THE PROBLEM: Give a verbatim copy of the data, leaving the pictures out.

'''

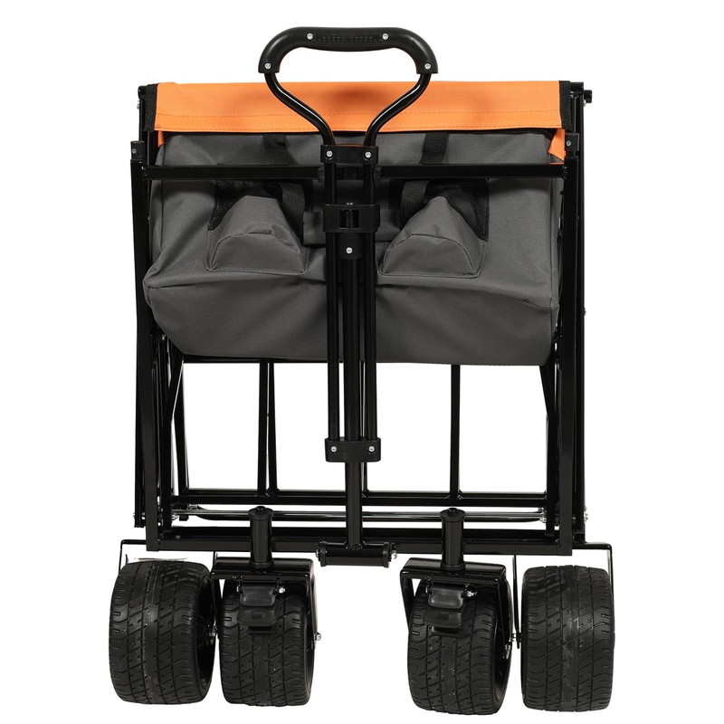 ZJMTOCYU 480Lbs Collapsible Wagon with Canopy, All-Terrain Wheels, Lightweight Foldable Design for Camping and Shopping, Orange with Mosquito Net
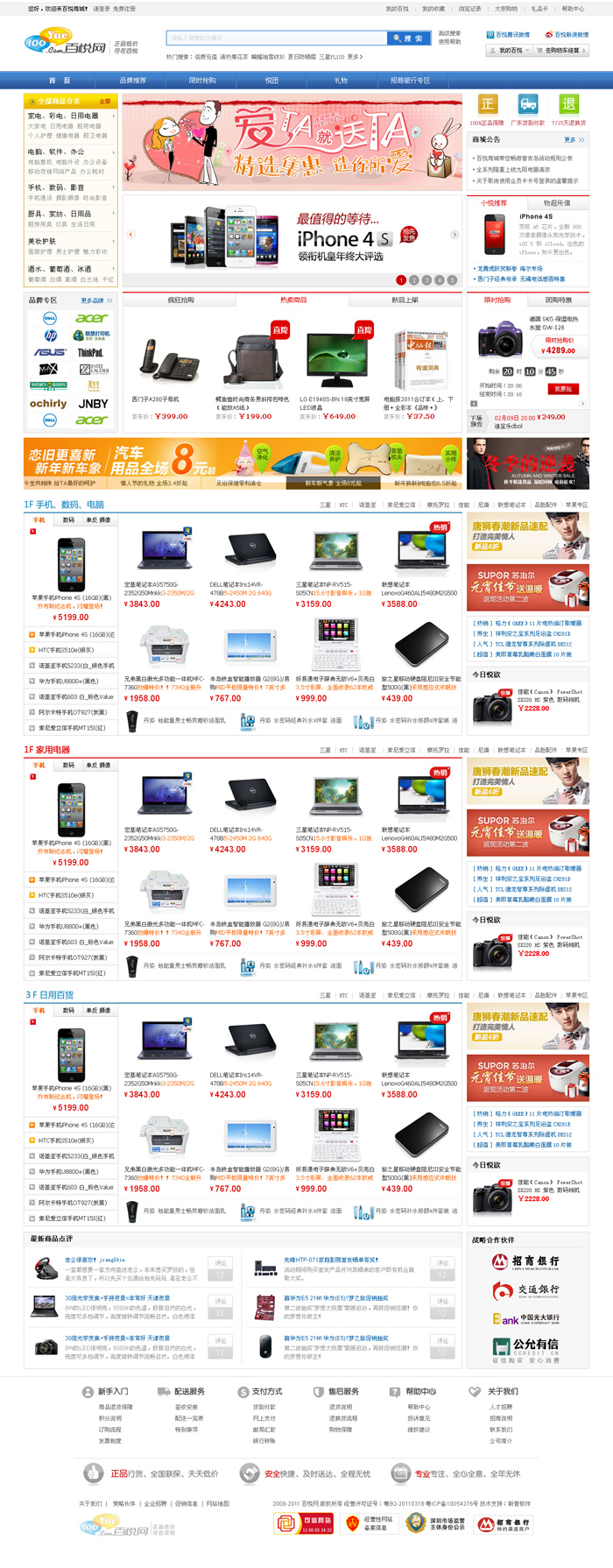 百悅網(wǎng)立足深圳,輻射全國(guó),以獨(dú)有的發(fā)展特色、優(yōu)質(zhì)的商品服務(wù),與廣東移動(dòng)、工商銀行、農(nóng)業(yè)銀行、交通銀行、招商銀行等多家排名世界500強(qiáng)的力企業(yè)建立起長(zhǎng)期、良好的合作關(guān)系。
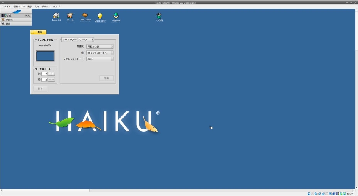 →「画面」アプリの解像度の値は見えないかもしれませんが、UEFI でVirtualBox のHaiku を立ち上げると、最大解像度(7680x4320)に設定されてしまいます。
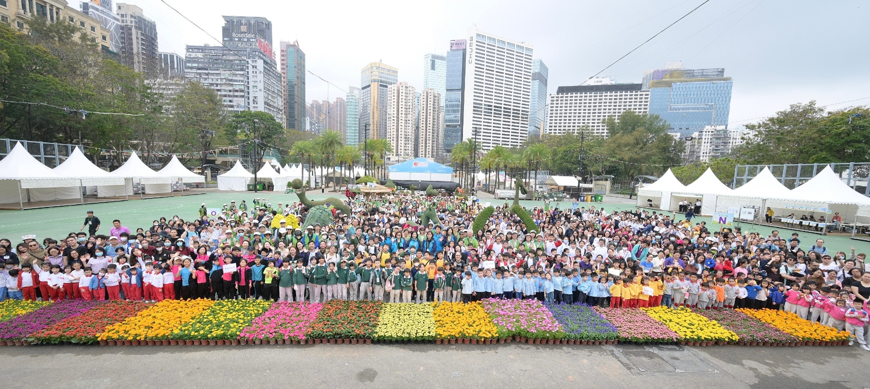 香港新聞網3月1日電 超過1100名來自38間幼稚園、中小學和特殊學校的學生,3月1日於維多利亞公園(維園)參與“賽馬會學童鑲嵌花壇”活動,在約140名綠化義工指導下,協助鑲嵌大型花壇“非洲獵奇”。花壇為即將舉行的香港花卉展覽(花展)的主要特色景點之一。
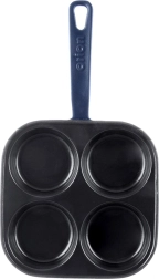 Poêle carrée en fonte de 20,5 × 20,5 cm avec quatre cavités séparées (Ø 9 cm) pour une préparation rapide d’œufs, de pancakes et de mini-crêpes avec une forme parfaite. Le revêtement émaillé noir minimise l’adhérence et facilite le service, tandis que l’extérieur et la poignée bleus apportent une touche élégante.

'''

THE COMPLETED TASK:
 ZJMTOCYU 480Lbs Collapsible Wagon with Canopy, All-Terrain Wheels, Lightweight Foldable Design for Camping and Shopping, Orange with Mosquito Net
 百悅網(wǎng)立足深圳,輻射全國(guó),以獨(dú)有的發(fā)展特色、優(yōu)質(zhì)的商品服務(wù),與廣東移動(dòng)、工商銀行、農(nóng)業(yè)銀行、交通銀行、招商銀行等多家排名世界500強(qiáng)的力企業(yè)建立起長(zhǎng)期、良好的合作關(guān)系。
 →「画面」アプリの解像度の値は見えないかもしれませんが、UEFI でVirtualBox のHaiku を立ち上げると、最大解像度(7680x4320)に設定されてしまいます。
 香港新聞網3月1日電 超過1100名來自38間幼稚園、中小學和特殊學校的學生,3月1日於維多利亞公園(維園)參與“賽馬會學童鑲嵌花壇”活動,在約140名綠化義工指導下,協助鑲嵌大型花壇“非洲獵奇”。花壇為即將舉行的香港花卉展覽(花展)的主要特色景點之一。
 Poêle carrée en fonte de 20,5 × 20,5 cm avec quatre cavités séparées (Ø 9 cm) pour une préparation rapide d’œufs, de pancakes et de mini-crêpes avec une forme parfaite. Le revêtement émaillé noir minimise l’adhérence et facilite le service, tandis que l’extérieur et la poignée bleus apportent une touche élégante.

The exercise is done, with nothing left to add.